Des dirigeants africains ont Ă©tĂ©, ou sont par endroit de nos jours, des vrais nĂ©griers Ă  la solde de leurs maĂźtres colonisateurs en taillant et bradant Ă  souhait les ressources forestiĂšres, miniĂšres et humaines du continent africain et enfonçant les masses laborieuses dans une misĂšre indescriptible et caractĂ©risĂ©e par des morts massives dans les dĂ©serts et ocĂ©ans parmi ces dĂ©sespĂ©rĂ©s et tĂ©mĂ©raires jeunes contraints Ă  des aventures hautement pĂ©rilleuses. Ainsi, nos valeurs de culture et d’éducation ont Ă©tĂ© savamment saccagĂ©es, des modĂšles de vies sans morales perfusĂ©s, la valeur humaine transformĂ©e en une simple et vile marchandise de rue. Et tout cela, pour oser revenir nous dire que l’Afrique n’est pas rentrĂ©e dans l’histoire.

La sous-rĂ©gion ouest-africaine, notamment le Sahel est le reflet et l’exemple typique de ce qui est prĂ©cĂ©demment dĂ©crit. En effet, les nĂ©griers de palais prĂ©sidentiels ont acceptĂ© la mise en Ɠuvre de pratiques humainement scandaleuses et socialement ravageuses : l’acceptation de la destruction de notre forme sociale d’Etat et de notre sĂ©curitĂ©.
Et dans cet environnement, les puissances impĂ©rialistes ont savamment prĂ©parĂ© leur retour par l’intrusion du terrorisme au Sahel. Les consĂ©quences sont impensables car hautement dommageables.

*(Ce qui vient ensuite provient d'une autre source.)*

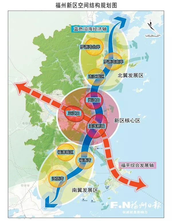 圍繞海峽、海絲、海洋“三海”跨越特色,福州新區初步明確了“兩大兩+”的發展戰略(即:大開放、大海灣,創新+、生態+),構建“一核兩翼兩軸多組團”的空間格局,建設開放新區、海灣新區、智慧新區、綠色新區。《福州新區發展規劃》已正式批復實施,《福州新區總體規劃》正進行修改完善,新區綜合交通、市政公用基礎設施等40項規劃將于年內編制完成。

Au plan national, notre pays connait une crise de recolonisation contre laquelle le peuple mĂšne une guerre de libĂ©ration et de souverainetĂ©. Cette crise sĂ©curitaire a Ă©branlĂ© le tissu Ă©conomique et engendrĂ© de nombreuses situations dĂ©sastreuses, notamment les dĂ©placements des laborieuses populations qui, fuyant les attaques des groupes terroristes armĂ©s, ont tout quittĂ© pour sauver leurs vies. L’ampleur de cette situation dramatique s’est rapidement imposĂ©e du fait que les pratiques nĂ©ocolonialistes ont dĂ©truit Ă  l’avance tout pilier de l’Etat surtout Ă  travers les Programmes d’ajustement structurel (PAS).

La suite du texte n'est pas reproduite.